Improving document relationships and clustering

I love the site as it currently stands, but I have a few suggestions that may help people navigate documents more effectively.

Currently, there’s a related documents section, but I believe that could be expanded significantly to categorize corroborating and contradictory evidence. For instance, if a certain tip is not supported by forensic evidence for instance, the forensic evidence should be included with the tip.

Of course, community investigations can absolutely help with this, but I’m sure there are ways to employ LLMs just to get started. At least, categorizing the current related documents would be quite useful.

Additionally, something like this could help create a “document reliability” measure which can tell users if this document is strongly corroborated evidence or a one-off.
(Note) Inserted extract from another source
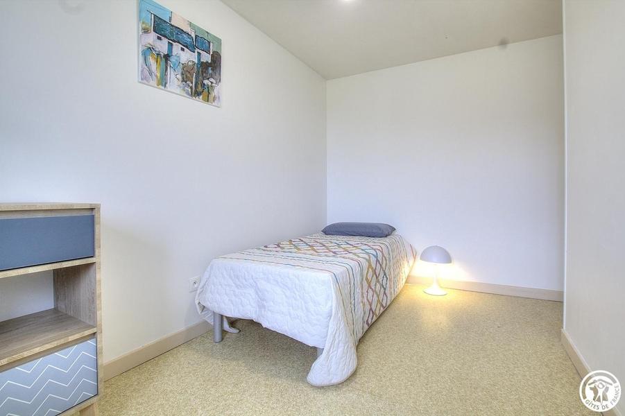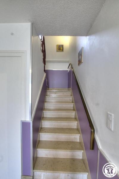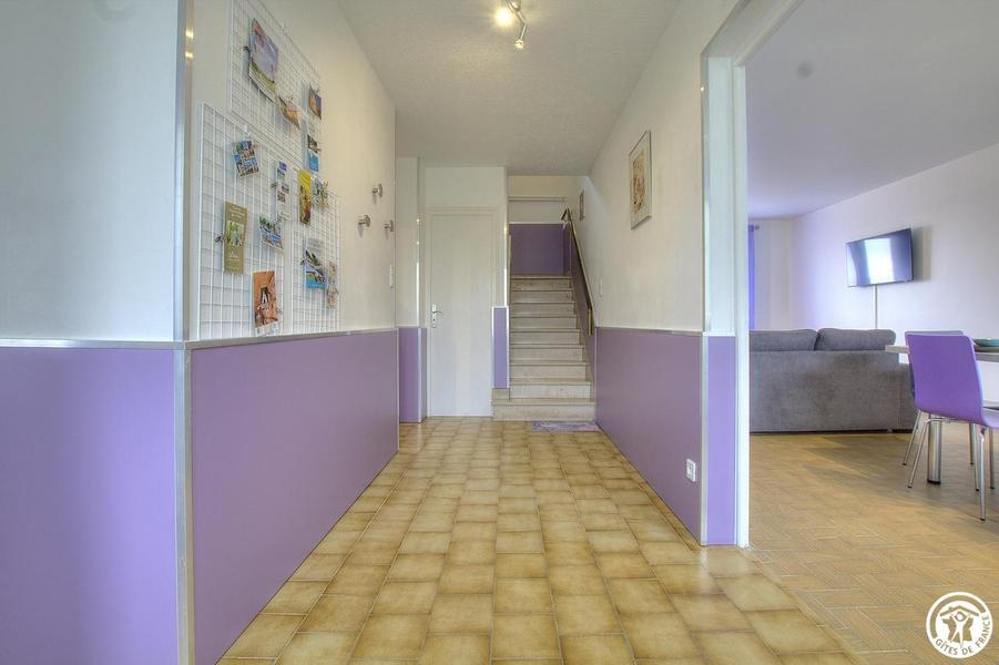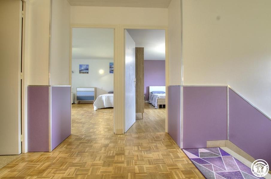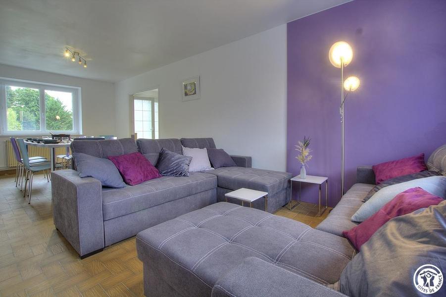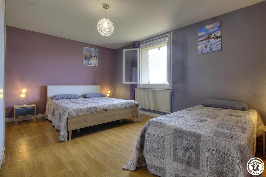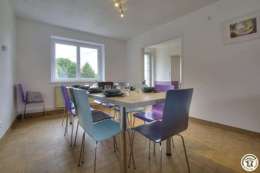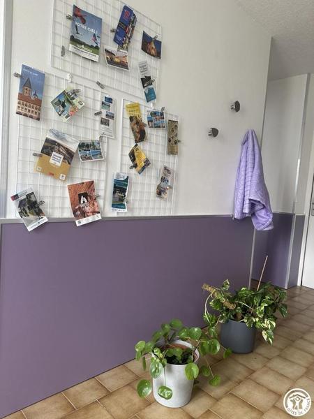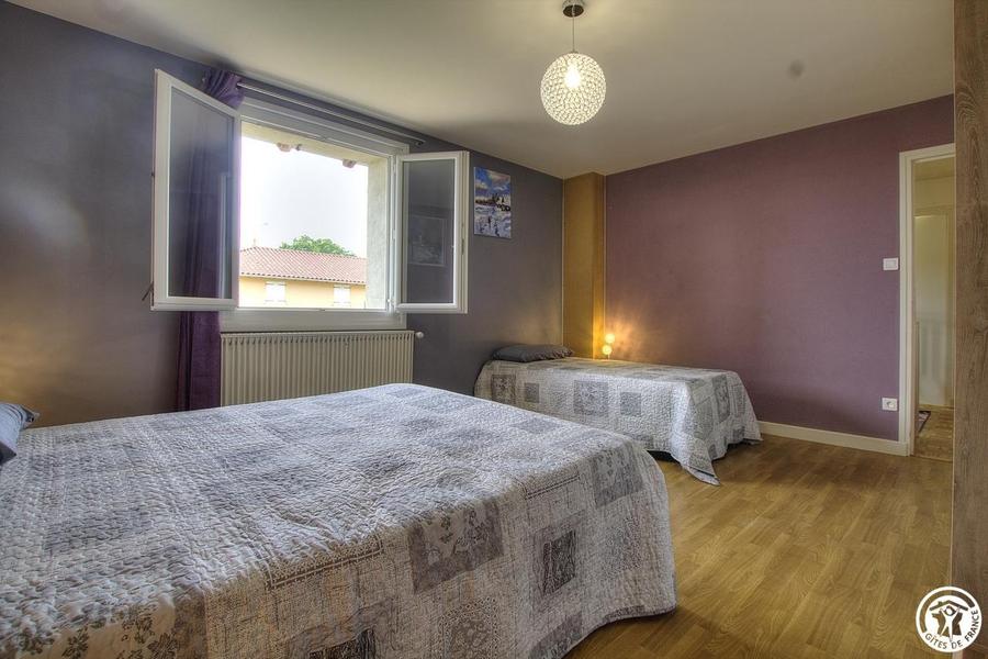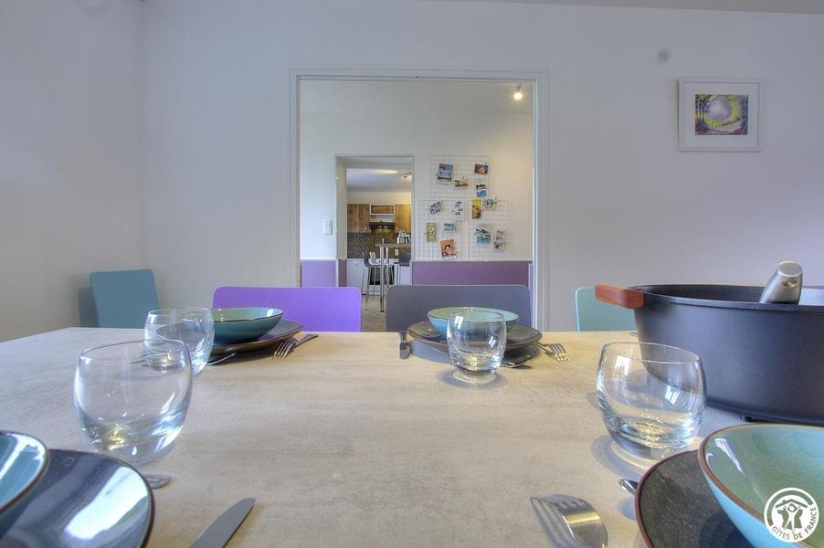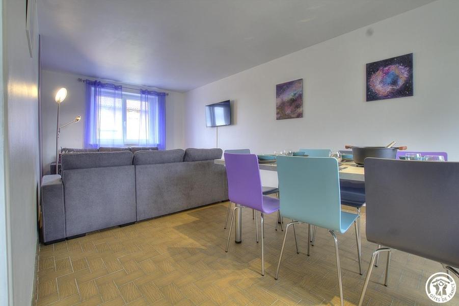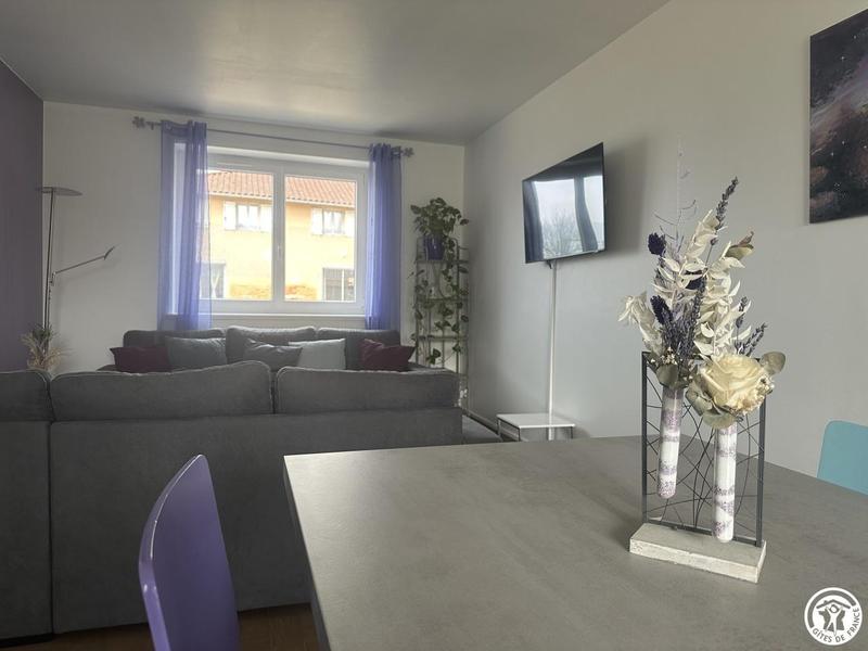 Vous êtes prêts à tous vous retrouver ? Alors préparez vos valises, le gîte vous attend. Saint Bénigne vous offre des activités à faire à proximité. A vous de choisir : l'Archipel avec son Pentagliss et ses bassins nautiques. Empruntez la voie bleue au départ de Pont de Vaux qui borde le canal pour découvrir la richesse des lieux. A pied ou à vélo, des activités au rythme de chacun. Pour les gourmets et les gourmands, venez déguster les spécialités de la Région (Poulet de Bresse, Cuisses de grenouille persillées, etc…). Poursuivez votre découverte en prolongeant votre soirée dans le jardin privé. Laissez vous bercer, en contre bas près de la mare sécurisée, par le cancanement des canards, la cacarde de l'oie. N'hésitez pas à partager vos pelures aux poules qui séjournent dans la cour et qui vous remercieront en vous offrant des œufs. Un espace extérieur vous est dédié pour que les petits et les grands savourent des moments de retrouvailles autour de la grande table de jardin. Nuance mauve est un gîte avec ses touches de couleurs originales à travers les différentes pièces (chaises, murs, tapis, …) La décoration lumineuse a été décidée pour un accueil familiale, conviviale et afin que chacun trouve sa place. Gîte mitoyen, sur la propriété comprenant deux autres gîtes (un gîte de 6 et un gîte de 8 personnes) et vos deux colocataires à 2 pattes (Noisette et Cacahuète). Au rez-de-chaussé : un hall avec une cuisine équipée avec ilot, salle à manger et son coin salon, une chambre (1 lit 140) , salle de bain, WC indépendant.

If you’d like to implement this, I’d be happy to assist with the development or design.

2 Likes

Yes to this. Let’s take the example of a particular house or room described by witnesses or victims: we may find photographs that match the description, and we would like to look at them side-by-side, while scrolling a column on the side with the witness description. We could then tag or heart photos that seem to be linked - say, photos of the same room could be linked together in a cluster.

Both great suggestions @blafy and @J4Vic.

Document clustering and relationship mapping is high on the roadmap. Right now the “related documents” section uses basic tag and person overlap, but you are right that it needs to be much deeper. Corroborating vs contradictory evidence, witness testimony matched to physical evidence, photos matched to witness descriptions, these are all connections that would make the archive far more useful.

The side-by-side view @J4Vic described (scrolling a witness description next to photos of the location they describe) is a compelling use case. That kind of interface would turn raw document review into actual investigation.

I have been exploring using vector embeddings to find semantically similar documents even when they do not share exact keywords. Combined with community-provided tags and links, this could get powerful.

No timeline on this yet, but it is actively being worked on.

1 Like

Wow, super!! :clap: You’re like a one-person developer-machine.